日本の「無人サービス体験」が生むストレスフリーな観光価値【連載】平和ボケ観光論(9)

キーワード :
,
インバウンドの93.7%が利用し9割超が満足――自販機やセルフレジに象徴される無人サービスは、日本の治安と倫理観を背景に「人がいない安心」という新たな観光価値を創出した。省人化は効率化を超え、旅の質を底上げする競争力となりつつある。

都会の喧騒に浮かぶ没頭のための聖域

外国人が見た日本のイメージ(画像:Pexels)
外国人が見た日本のイメージ(画像:Pexels)

 渋谷や秋葉原といった繁華街での遊びはインバウンドの間でも定番だが、なかでもゲームセンターは実質的に人が介在しない娯楽空間として親しまれている。特に秋葉原の店舗はクレーンゲームを中心に絶大な支持を得ており、「GiGO秋葉原3号館」では客の約8割を外国人が占めるほどの賑わいだ。日本アミューズメント産業協会の調べでは、クレーンゲームの国内市場規模は2013(平成25)年の約1900億円から、2023年には約3600億円へとこの10年で倍近くに膨らんだ。この伸びは、インバウンドの増加とわかちがたく結びついている。

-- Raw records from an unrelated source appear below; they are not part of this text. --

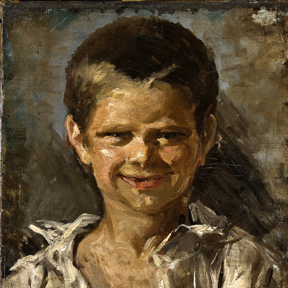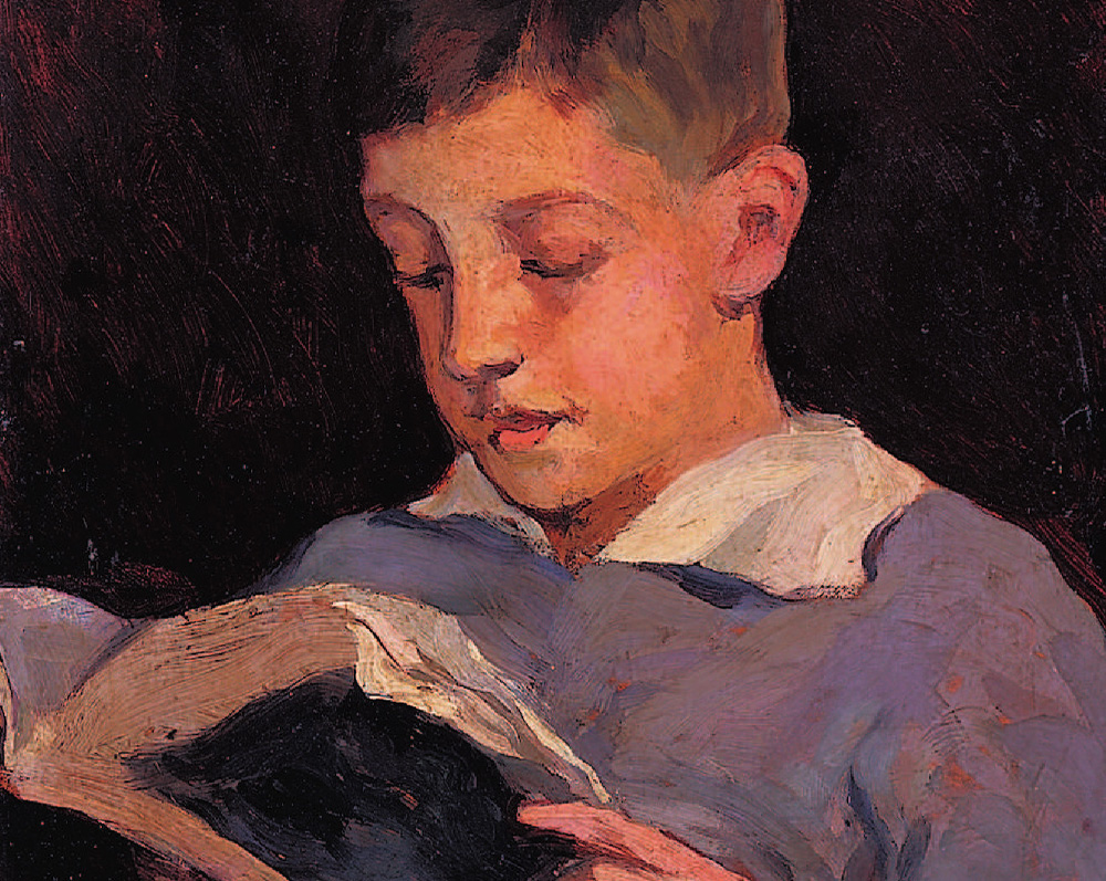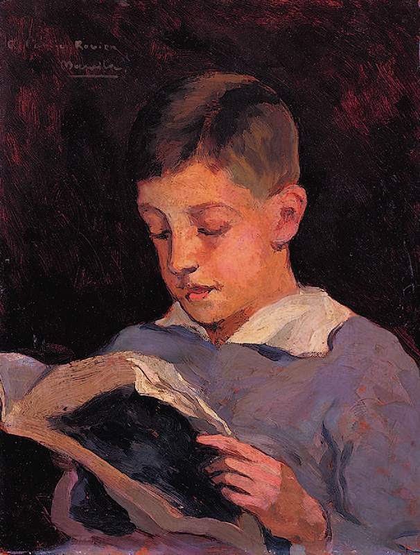 Frederic Masriera Vila (Masvila), fill de Frederic Masriera Manovens i Antonia Vila, i, per tant, cosí del joier Lluís Masriera Roses, va formar part de la saga d’artistes Masriera formant-se a l’Escola de Llotja, treballant a la joieria familiar i dedicant-se, també, a la pintura. El seu interès pel gènere del retrat i per la infància i la joventut, palès entre d’altres en les il·lustracions per a revistes com En Patufet, el va dur a fer diverses maternitats i retrats com aquest. En aquest cas, Masriera va optar per una imatge canònica del nen de classe mitjana i de la burgesia que, essent escolaritzat i alfabetitzat, llegeix tranquil·lament un llibre en actitud curiosa, amb ganes d’aprendre, créixer i madurar.
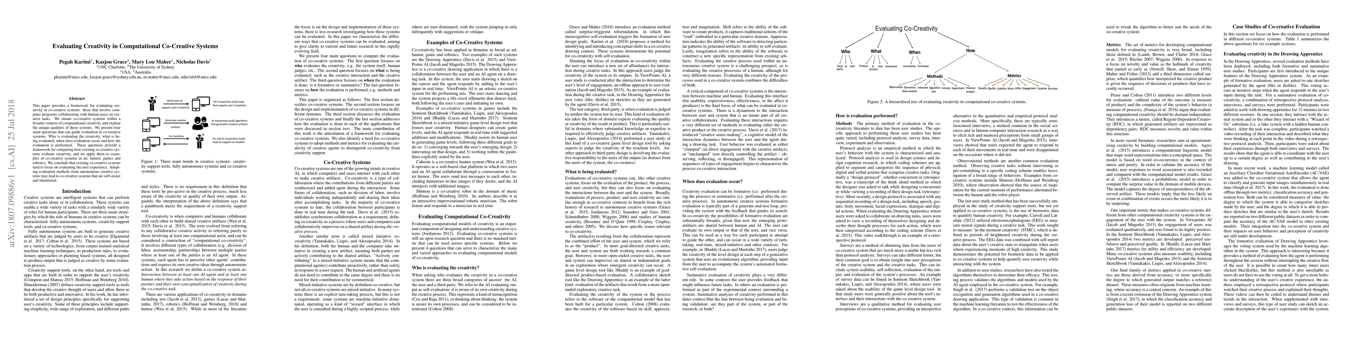This paper proposes a framework to evaluate creativity in co-creative systems, which involve human-computer collaboration on creative tasks, focusing on four key questions: the evaluator, the evaluated, timing, and methodology. It suggests that existing systems often focus on user experience, and recommends adopting methods from autonomous creative systems to develop self-aware co-creative systems.
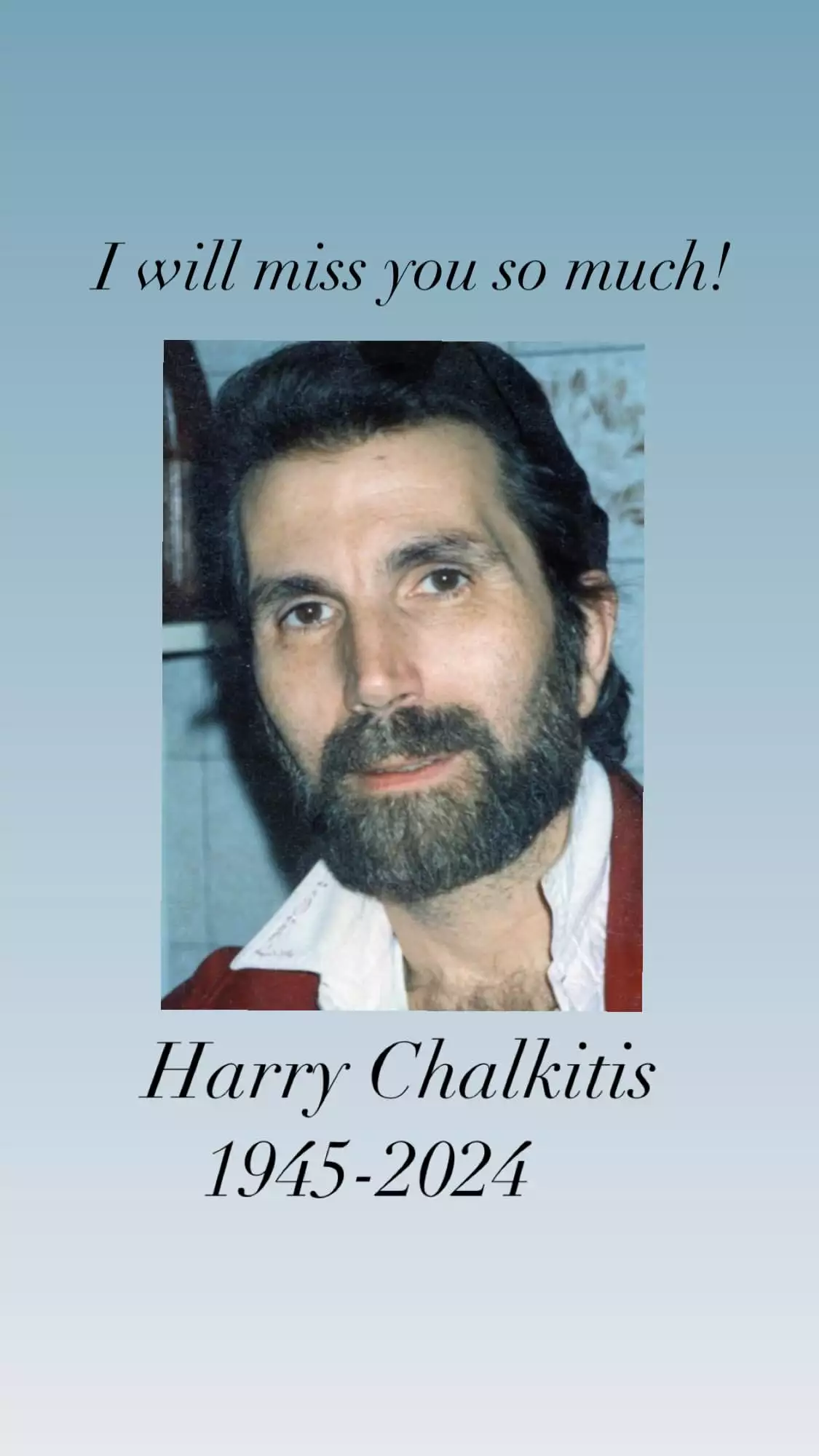 «Θα μου λείψεις τόσο πολύ» και στη συνέχεια συμπλήρωσε «Χάρης Χαλκίτης, 1945-2024».

 喧騒のなかにありながら、対面でのやり取りを必要としないゲームセンターは、旅行者が自分のペースを保てる貴重な場となっている。言葉や文化の違いを気にすることなく、自らの腕前ひとつで結果が出る遊びに没頭できる時間は、いわば「動的な聖域」ともいえる役割を担っているのではないか。

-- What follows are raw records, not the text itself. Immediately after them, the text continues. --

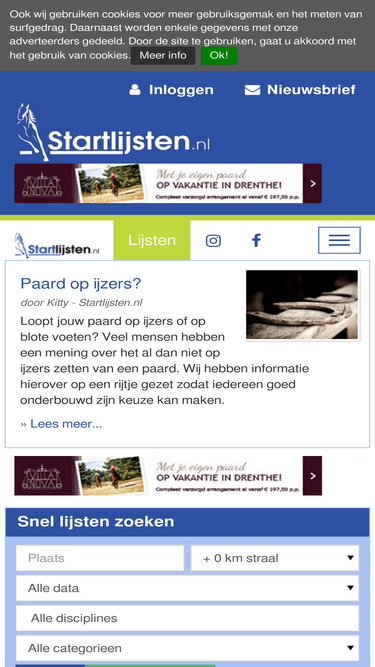 100%Adverteren op Startlijsten. Vergroot uw branding en maak reclame op de nummer 1 hippische site van Nederland. Zeer groot bereik!
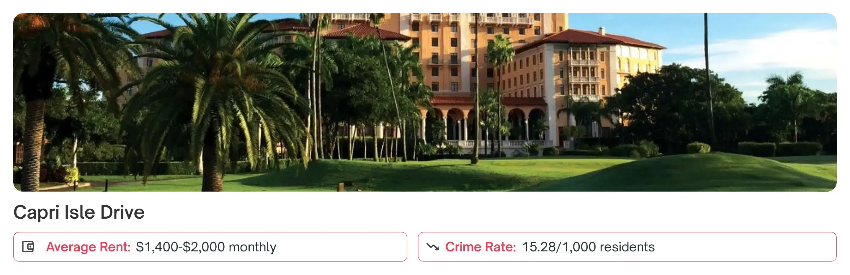 The area is also relatively affordable. That’s why student housing in Capri Isle Drive is very attractive among the University of Tampa students, making it one of Tampa FL best neighborhoods for affordable living.
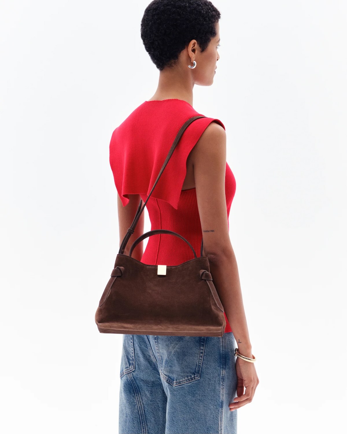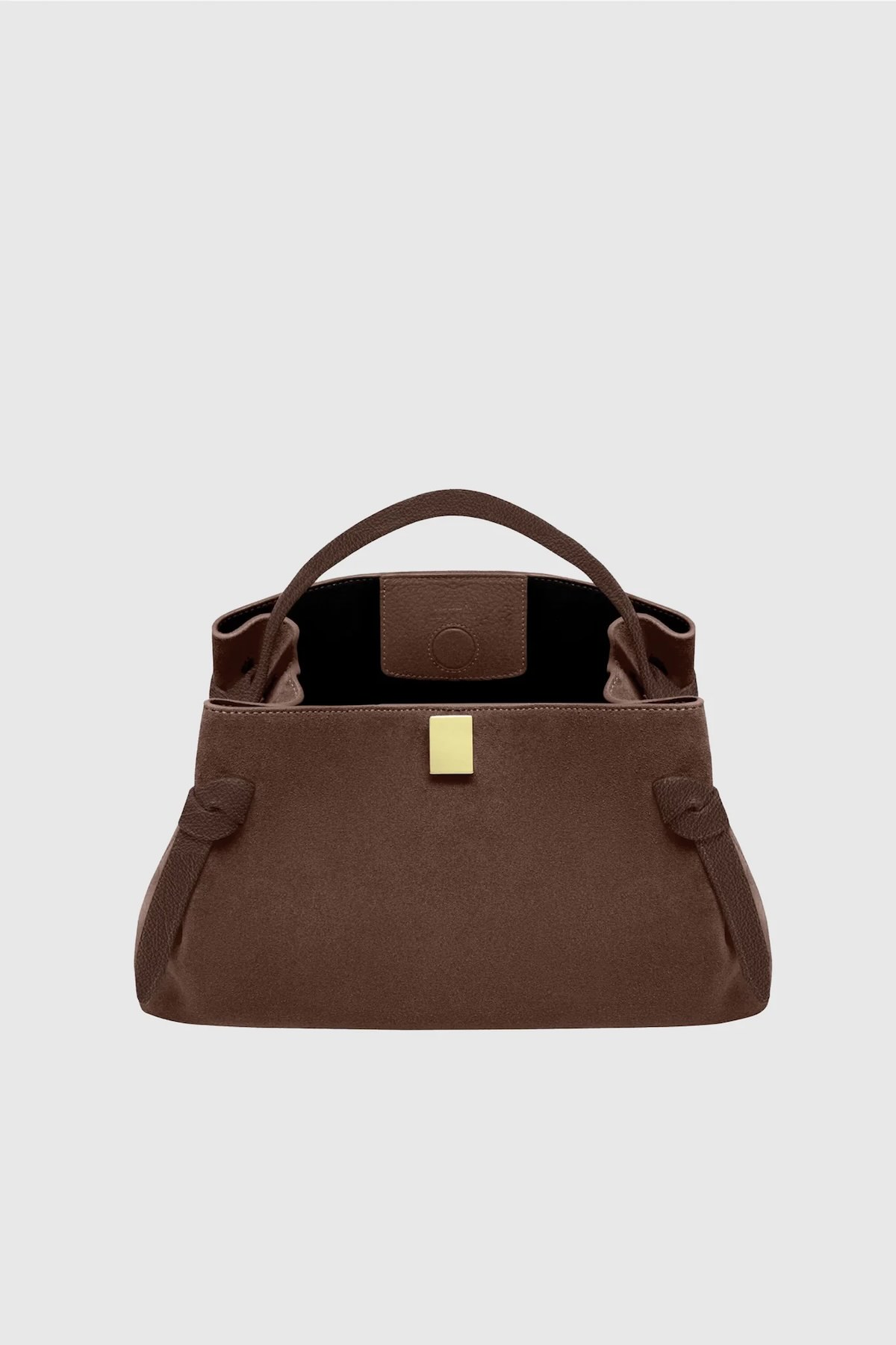 El Gyoza es un bolso de asa superior, elaborado en lujosa gamuza italiana color chocolate y adornado con elegantes herrajes dorados. Hecho a mano con estándares de lujo por artesanos en España. Capacidad para guardar objetos esenciales de uso diario: teléfono, llaves, lápiz labial. Bandolera ajustable y extraíble. Cierre de imán. Herrajes dorados. 100 % piel bovina. Forrado en 50 % poliamida, 50 % poliuretano. Dimensiones: Ancho superior: 23 cm. Ancho inferior: 32 cm. Profundidad: 11 cm. Altura sin asa: 18,5 cm.

 また、街なかには無人のマッサージ施設も姿を現している。都内を中心に広がる「ちょこま」では、最新のマッサージチェアを取り入れ、キャッシュレス決済を整えることで外国人でも使いやすい環境を作った。運営元の日本メディック(神奈川県藤沢市)によれば、観光地に近い店ほど旅行者の姿が目立つという。

 疲れ切った体を休める際、誰とも話さず機械に身を委ねられる空間は、一種の避難所のような安らぎを与えてくれる。周囲を過剰に警戒せずとも過ごせる日本だからこそ、こうした心休まるひとときが成立している。